# Ford 1600 hydraulic issues



## Tjb393 (Aug 8, 2015)

Today when I put the lift up, it went up as normal but then it wouldn't go back down. When the engine is at a low rpm, there is a whining sound coming from the pump but when the rpms are higher, the sound goes away. Any help would be appreciated, thanks.


----------



## BigT (Sep 15, 2014)

Hi Tjb393,

Thanks for visiting our tractor forum.

See items #32,#33, #34, etc., on the attached parts diagram. This is called the drop restrictor valve. It may be plugged with debris to the point that it will not allow the lift to drop. I think just opening/clearing this valve may allow the lift to drop. Otherwise, you will have to pull the valve and clean it.

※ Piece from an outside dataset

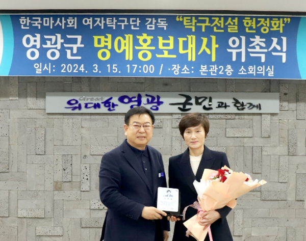 [남도저널 김종훈 기자] 영광군은 지난 15일 영광군청 소회의실에서 명예홍보대사 위촉식을 갖고 한국마사회 여자탁구단 감독 현정화를 영광군 명예홍보대사로 위촉했다고 밝혔다.

How long has it been since the hydraulic fluid has been changed? Filter?? Might be a good time to change it. 

If cleaning the drop restrictor valve doesn't cure the problem, I would pull apart and clean all spring-loaded components illustrated on the diagram, one of which will be the unloader valve. A stuck unloader valve is usually attributed to the problem when the lift stuck in the "up" position. There is also a spool valve that should be cleaned.

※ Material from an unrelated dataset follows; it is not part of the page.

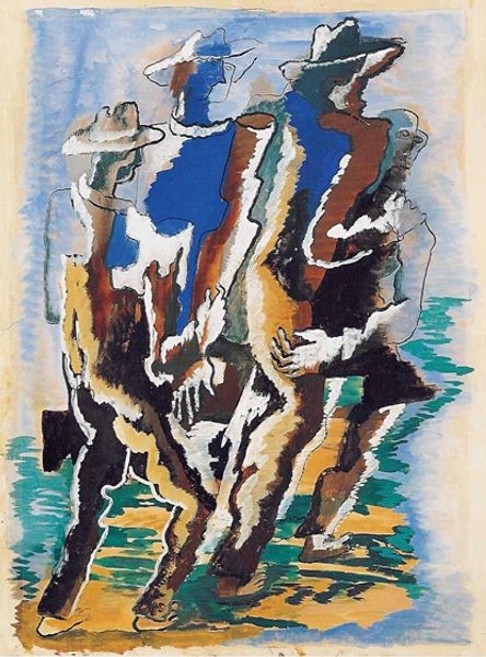 Kazimir Malevich's 'The Man with the Bag', is made with oil on canvas, using expressive brushstrokes and bold colors. The painting depicts an anonymous figure burdened by a large sack. The man's form is simplified, almost geometric, emphasizing the weight and strain of his labor, the heaviness of his load. The materiality of oil paint lends itself to the rough, textured surface, highlighting the physical effort of the worker. Malevich engages with the traditional medium of painting, but departs from academic representation by focusing on the everyday struggles of the working class. The raw, almost crude application of paint mirrors the harsh realities of labor and speaks to the social context of early 20th-century Russia, where industrialization and rural poverty were prevalent. The painting challenges the viewer to consider the human cost of labor and the social inequalities inherent in systems of production. It underscores how the choice of materials and techniques can elevate the depiction of everyday life to a statement on broader social issues, blurring the lines between craft and fine art.

Good luck, and let us know what you discovered as your problem.


----------



## Tjb393 (Aug 8, 2015)

Thanks for the reply and the diagram! I took that valve out that you had mentioned (got a bath while doing it) and it let the pressure out and dropped the hitch. I cleaned the valve and put it back in. As soon as I started up the tractor, with the lever in the down position, the hitch instantly went back up and won't come down again. Happen to know which number is the unloader valve?


----------



## Tjb393 (Aug 8, 2015)

Got it figured out. It was the valve for the control lever. It was stuck in so it just kept wanting to lift. Took it apart and cleaned it up and now it works great. Thanks again for the help and the diagram.


----------